How is smoked bacon wrapped pickle traditionally served in Southern gatherings?

A

They are typically presented on a platter with a creamy dip such as ranch or blue‑cheese dressing, accompanied by cold beers. The bite‑size pieces are meant to be eaten in one or two bites, making them perfect for cocktail hours and tailgate parties.

cultural
Q

During which occasions are bacon wrapped pickles most commonly enjoyed in American culture?

A

They are popular at backyard barbecues, football tailgates, Super Bowl parties, and casual get‑togethers where finger foods are needed. Their smoky flavor also makes them a favorite at BBQ competitions and festivals.

cultural
Q

What authentic ingredients are essential for traditional smoked bacon wrapped pickles versus acceptable substitutes?

A

Authentic recipes call for thick‑cut pork bacon, dill pickles (often cornichons), and a simple BBQ rub.
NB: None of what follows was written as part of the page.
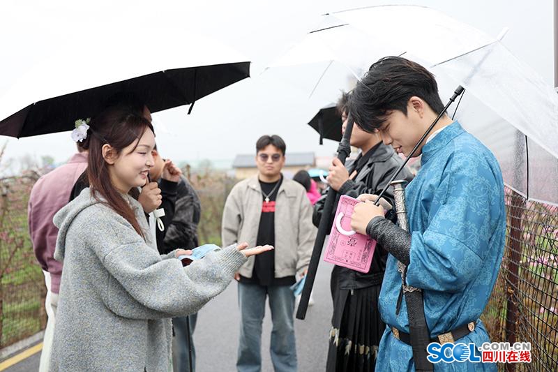 在文永村的百亩桃林,尽管春雨绵绵,但游客热情不减。雨雾中的桃林诗意盎然,粉白花瓣沾着雨珠更显娇嫩。游客撑伞漫步于心形桃花廊道,或驻足拍照,或参与互动,欢声笑语在花海间回荡。全民八段锦展演舒展有力,与自然相融;百米乡村振兴长卷前,众人齐绘美好愿景;“王员外招亲”情景剧热闹上演,游客抢绣球、现场“拜堂”,沉浸式体验传统文化乐趣。身着古装的NPC穿梭林间,演绎民俗故事,让游客从“看客”变为“剧中人”。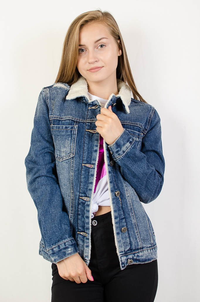 Ciemna kurtka jeansowa z kożuchem na kołnierzu oraz przy guzikach

Substitutes can include turkey bacon for a leaner option, mini cucumber spears instead of pickles, or a pre‑made seasoning blend if a custom rub isn’t available.

cultural
Q

What other American BBQ dishes pair well with smoked bacon wrapped pickles?

A

They complement smoked ribs, pulled pork sandwiches, brisket, and classic sides like coleslaw, baked beans, and cornbread. The salty, tangy bite balances richer meats and adds contrast to sweet BBQ sauces.

cultural
Q

What are the most common mistakes to avoid when making smoked bacon wrapped pickles?

A

Common errors include not drying the pickles, which leads to soggy bacon; wrapping the bacon too loosely so it slides off; and smoking at too low a temperature, resulting in limp bacon. Keep the smoker steady at 350°F and secure each wrap with a toothpick.

technical
Q

Why does this recipe use indirect smoking with cherry wood instead of direct grilling?

A

Indirect smoking provides gentle, even heat that cooks the bacon through without burning the delicate pickle inside. Cherry wood adds a mild, slightly sweet smoke that enhances the bacon without overpowering the pickle’s brine flavor.

technical
Q

Can I make smoked bacon wrapped pickles ahead of time and how should I store them?

A

Yes, you can wrap the pickles and refrigerate them up to 12 hours before smoking. After smoking, store any leftovers in an airtight container in the refrigerator for up to 2 days; reheat briefly in a hot oven if you want the bacon crisp again.

technical
Q

What texture and appearance should I look for when the smoked bacon wrapped pickles are done?

A

The bacon should be golden‑brown, slightly curled, and crisp to the touch while the pickle inside remains firm and bright green. If the bacon looks pale or soft, it needs a few more minutes of smoke.

technical
Q

What does the YouTube channel Burnt Pellet BBQ specialize in?

A

The YouTube channel Burnt Pellet BBQ focuses on pellet‑smoker techniques, wood‑infused recipes, and practical tips for backyard barbecue enthusiasts, covering everything from meats to creative side dishes and appetizers.

channel
Q

How does the YouTube channel Burnt Pellet BBQ's approach to American BBQ cooking differ from other BBQ channels?

A

Burnt Pellet BBQ emphasizes the science of pellet‑smoking, precise temperature control, and using a variety of wood flavors. Unlike many channels that rely on charcoal or gas, Burnt Pellet BBQ showcases the versatility of pellet smokers for both traditional and experimental dishes.